Aim of the task>
Bring back every record exactly, except for the pictures, which stay out.

Stored items from a collection:
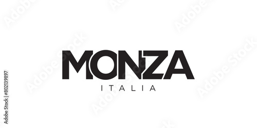 Monza in the Italia emblem. The design features a geometric style, vector illustration with bold typography in a modern font. The graphic slogan lettering.
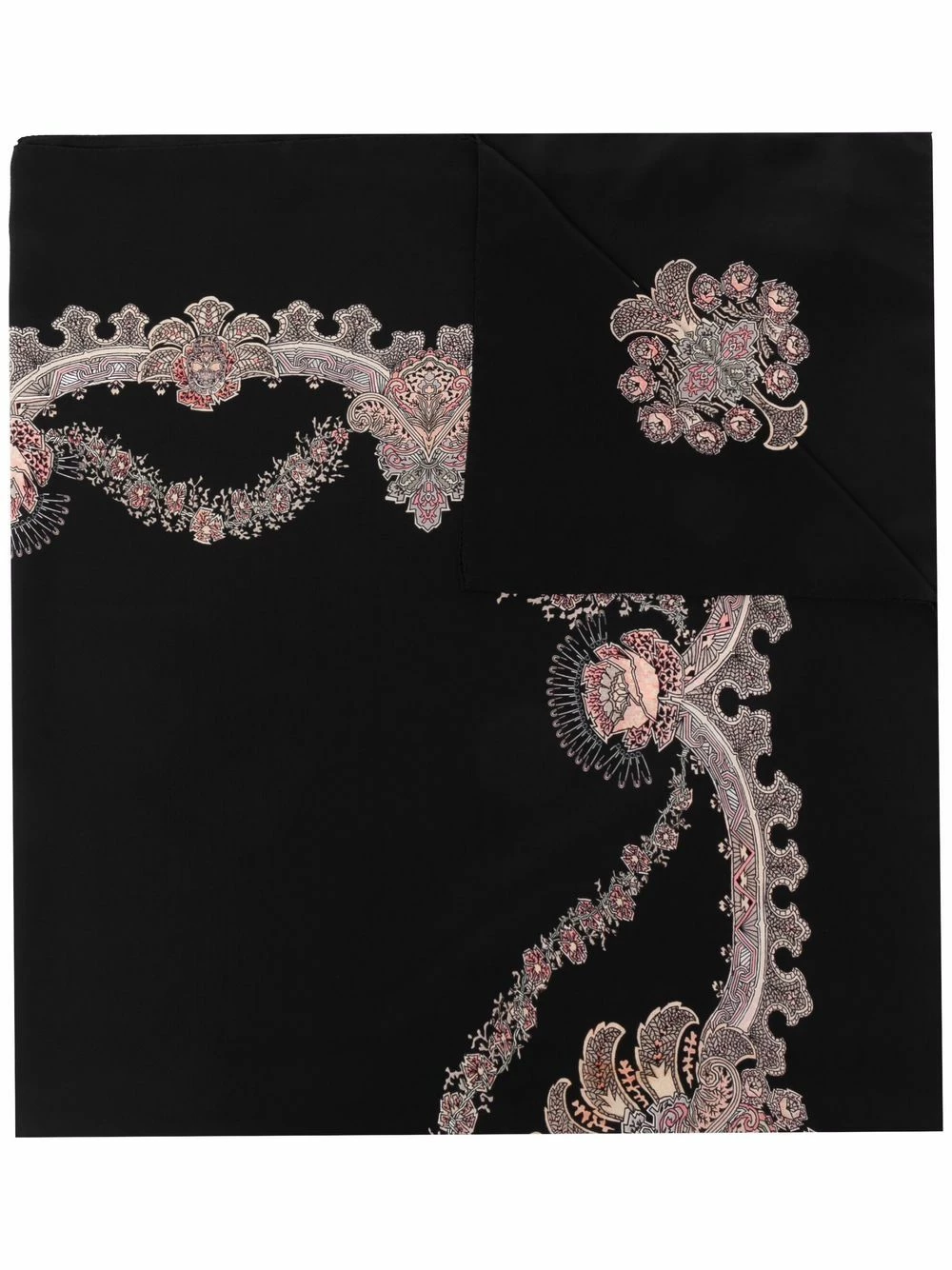 Motif de fleurs, bords finis, coupe longue, monture carrée. Matière : soie.
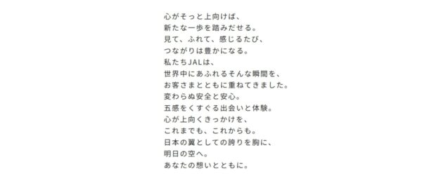 Soaring Together お客さまの心をそっと上向きに、サステナブルでウェルビーイングな未来へともに歩む …これ聞いて なんか響く? JALに乗りたいなぁ~って感じます? 広告代理店は誰が付いてるん? 電通か? ってここまでシラケちゃうのよ。
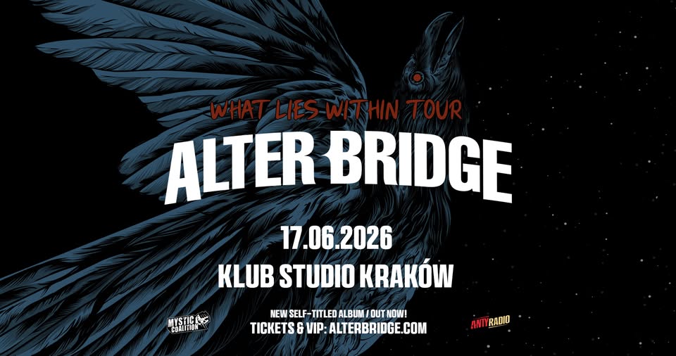 Już 17 czerwca grupa powróci do Polski, w ramach trasy „What Lies Within”. Zagrają koncert dla najwierniejszych fanów, w krakowskim Klubie Studio. Ponad dwie dekady na scenie i ani śladu zmęczenia. Myles Kennedy (śpiew i gitara), Mark Tremonti (gitara, wokal), Brian Marshall (bas) i Scott Phillips (perkusja) kontynuują doskonałą passę. Płyta, zatytułowana po prostu „Alter Bridge”, ukazała się 9 stycznia nakładem Napalm Records. Fantastyczne riffy, porywające refreny, potężne brzmienie najczystszego rocka i to wszystko 12 razy z rzędu – oto zawartość albumu. Takie numery jak „Rue The Day”, „Disregarded”, „Scales Are Falling” czy „Hang By A Thread” z miejsca wejdą do zestawu żelaznej klasyki amerykańskiego zespołu i będą regularnie wracać na koncertach.
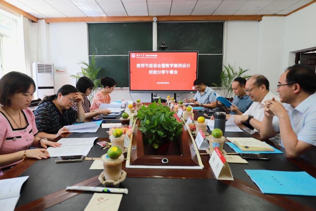 9月8日中午,为加强教师队伍建设,庆祝第39个教师节,太阳成tyc33455cc在银杏楼201会议室举行了教师节座谈会暨教育硕士教学案例设计经验分享午餐会。院长罗仲尤、党总支书记易洪波以及学院教师参加午餐会,副院长阳荣威主持午餐会。

Exercise solution>
 Monza in the Italia emblem. The design features a geometric style, vector illustration with bold typography in a modern font. The graphic slogan lettering.
 Motif de fleurs, bords finis, coupe longue, monture carrée. Matière : soie.
 Soaring Together お客さまの心をそっと上向きに、サステナブルでウェルビーイングな未来へともに歩む …これ聞いて なんか響く? JALに乗りたいなぁ~って感じます? 広告代理店は誰が付いてるん? 電通か? ってここまでシラケちゃうのよ。
 Już 17 czerwca grupa powróci do Polski, w ramach trasy „What Lies Within”. Zagrają koncert dla najwierniejszych fanów, w krakowskim Klubie Studio. Ponad dwie dekady na scenie i ani śladu zmęczenia. Myles Kennedy (śpiew i gitara), Mark Tremonti (gitara, wokal), Brian Marshall (bas) i Scott Phillips (perkusja) kontynuują doskonałą passę. Płyta, zatytułowana po prostu „Alter Bridge”, ukazała się 9 stycznia nakładem Napalm Records. Fantastyczne riffy, porywające refreny, potężne brzmienie najczystszego rocka i to wszystko 12 razy z rzędu – oto zawartość albumu. Takie numery jak „Rue The Day”, „Disregarded”, „Scales Are Falling” czy „Hang By A Thread” z miejsca wejdą do zestawu żelaznej klasyki amerykańskiego zespołu i będą regularnie wracać na koncertach.
 9月8日中午,为加强教师队伍建设,庆祝第39个教师节,太阳成tyc33455cc在银杏楼201会议室举行了教师节座谈会暨教育硕士教学案例设计经验分享午餐会。院长罗仲尤、党总支书记易洪波以及学院教师参加午餐会,副院长阳荣威主持午餐会。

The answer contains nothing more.